State Sen. Josh McKoon of Columbus, our state’s self-anointed defender of the religious freedom to discriminate against gay people, voiced frustration the other day at the opposing role played by Delta Air Lines and other corporations.

“We’ve had this problem because very large multi-national corporations that are headquartered in this state – their executives, many of whom are not from Georgia, have different values than you and I do,” he told the Paulding County GOP. “They think that their cultural norms, their liberal, far-left cultural norms, should be applied to our state.”

I confess, I never would have thought of Delta Air Lines and other defenders of a diverse workforce as modern-day “outside agitators” out to impose their foreign values on the traditional South. And to his credit, McKoon at least had the decency to stop short of calling them communists, as his ideological forebears did to Martin Luther King Jr. and others, although with terms such as “liberal, far-left,” he certainly got the message across.

And while we tend to forget it now, it’s important to note that a half century ago, defenders of bigotry also sought to use religion as justification and as legal protection, just as McKoon does today. It didn’t work then, and shouldn’t now.

In 1967, when a judge ruled in Loving v. Virginia that a black woman and a white man had no right to get married, he did so by citing biblical verses that to his mind required that the races be kept separate and not allowed to mix. When Bob Jones Sr., founder of Bob Jones University in South Carolina, argued in 1960 in favor of segregation, the evangelical leader did so on the basis of a passionate religious faith:

“If you are against segregation and against racial separation, then you are against God Almighty….,” Jones thundered. “God is the author of segregation. God is the author of Jewish separation and Gentile separation and Japanese separation. God made of one blood all nations, but He also drew the boundary lines between races.”

Many of the so-called “seg academies” created in that era by white families fleeing newly desegregated public schools also claimed a religious justification, arguing that since God had created separate races, such separation “should be preserved in the fear of the Lord.”

In the end, the American people and judicial system did not find that argument convincing. By the 1970s, the federal government began to strip segregated institutions of their tax-exempt status on the grounds that agencies that practiced discrimination did not qualify as “charitable.” Bob Jones and others claimed religious liberty as protection, but the Supreme Court in 1983 disagreed.
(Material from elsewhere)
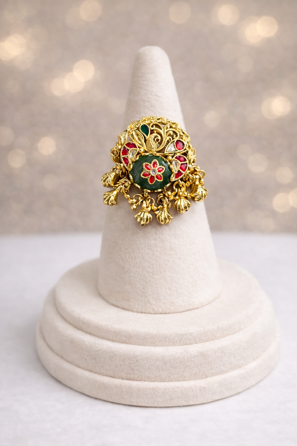 : This opulent cocktail ring features a central circular "Chand" (crescent) motif in deep emerald-green, adorned with a delicate red floral floret. Flanking this are two sculptural peacock figures set in an intricate antique gold frame, accented with sparkling white Kundan glass and ruby-red stone details. The design is elegantly finished with a series of dangling golden ghungroo (bell-like) charms, adding movement and a vintage royal charm to the overall look.

“It would be wholly incompatible with the concepts underlying tax exemption to grant tax-exempt status to racially discriminatory private educational entities,” the court ruled. “… The government’s fundamental, overriding interest in eradicating racial discrimination in education substantially outweighs whatever burden denial of tax benefits places on petitioners’ exercise of their religious beliefs.”

The logic in that ruling makes it clear where we are headed in this argument. It just may take some time to get there.